Jan 30, 2013 - By Katie Roenigk, Staff WriterThe 29th Annual Fremont County Farm and Ranch Days event was under way Wednesday in Riverton, where representatives and organizations from the industry gathered to share information and tips with local residents.
John Ritten, assistant professor in the University of Wyoming's Department of Agriculture and Applied Economics, arrived at the Fremont County Fairgrounds Fremont Center equipped with graphs and charts indicating that this year may be another dry one for the state.
"I'm not sure we're through our drought yet," Ritten said. "It's not looking good. I hate to say it, but I wouldn't count on having a lot of grass this year."

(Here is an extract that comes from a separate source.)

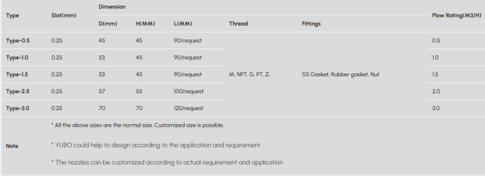 Filter nozzle, also called strainer nozzle, stainless steel filter nozzle, water filter nozzle, wedge wire screen nozzle, wire mesh filter nozzle, water & gas strainers, etc. The wedge wire filter nozzles are mounted on a support plate. The design and quantity of this stainless steel filter nozzle will be depending on the application and customer-flow requirements. YUBO not only provides normal filter nozzle products but also does OEM design services for every client.

He pulled up an image of the Wyoming drought index, which shows the state's average summer conditions over the past 100 years. Ritten pointed out that Wyoming droughts tend to last at least two seasons, if not more.
"There's only a couple of spots where we've been dry for one year," he said. "And it seems like recently droughts are worse and longer."
He advised his audience to start planning now for the potential for a drought in 2013, adding that many area ranchers will be able to use their personal experiences to inform their decision-making.
"In Wyoming, always expect a drought," Ritten said. "If this is your first one, you're new."
He suggested that ranchers also can use economic models that show the benefits and drawbacks of their options in the fact of a dry year. For example, he said liquidating, or selling a herd, makes sense if a rancher wants to save his grass for grazing in a better year. Others, though, may choose to keep their livestock and continue feeding the animals purchased hay, which can be expensive.
"One option that made a lot of sense in our model was weaning calves and sending them two months early to market," Ritten said. "You're not going to make as much money, (but) the big deal is you save your grass."
Compared to the previous two options, he said, early weaning is likely to net more money for a ranch.
"And the longer the drought is, it seems to make more sense," he said.
By contrast, feeding a herd through a drought becomes less profitable the longer the dry spell continues.
"I'd argue against it in the long term," Ritten said, encouraging people to keep their thoughts toward the future when developing a drought plan. "Where do you want to be in 10 years? Make the decisions you need to in order to get there."
He used several models to demonstrate other options and outcomes based on market prices, weather conditions and herd makeup, all of which was informative to Mandi Hirsch and Jim Haverkamp, specialists with the Natural Resources Conservation Service.
"It was an excellent talk," said Haverkamp, who specializes in range management. "I learned a lot."
Hirsch said she would use Ritten's information to make recommendations to the producers she works with on a regular basis.
"He was really knowledgeable," she said. "And it was really applicable in today's conditions."
She said a lot of people in Wyoming didn't expect the drought in 2012, so they were more likely to be more reactive in planning for the season. This year, she hopes people will be able to plan ahead like Ritten recommended.
Another drought talk is scheduled for 10 a.m. Thursday. To hear more about Ritten's presentation, call 766-3373 or e-mail email@example.com.
Farm and Ranch Days will continue Thursday with lessons on pesticides, dinners from the garden, food preservation fundamentals, renewable energy options and more. At noon, Wyoming State Veterinarian Jim Logan will speak about issues in agriculture.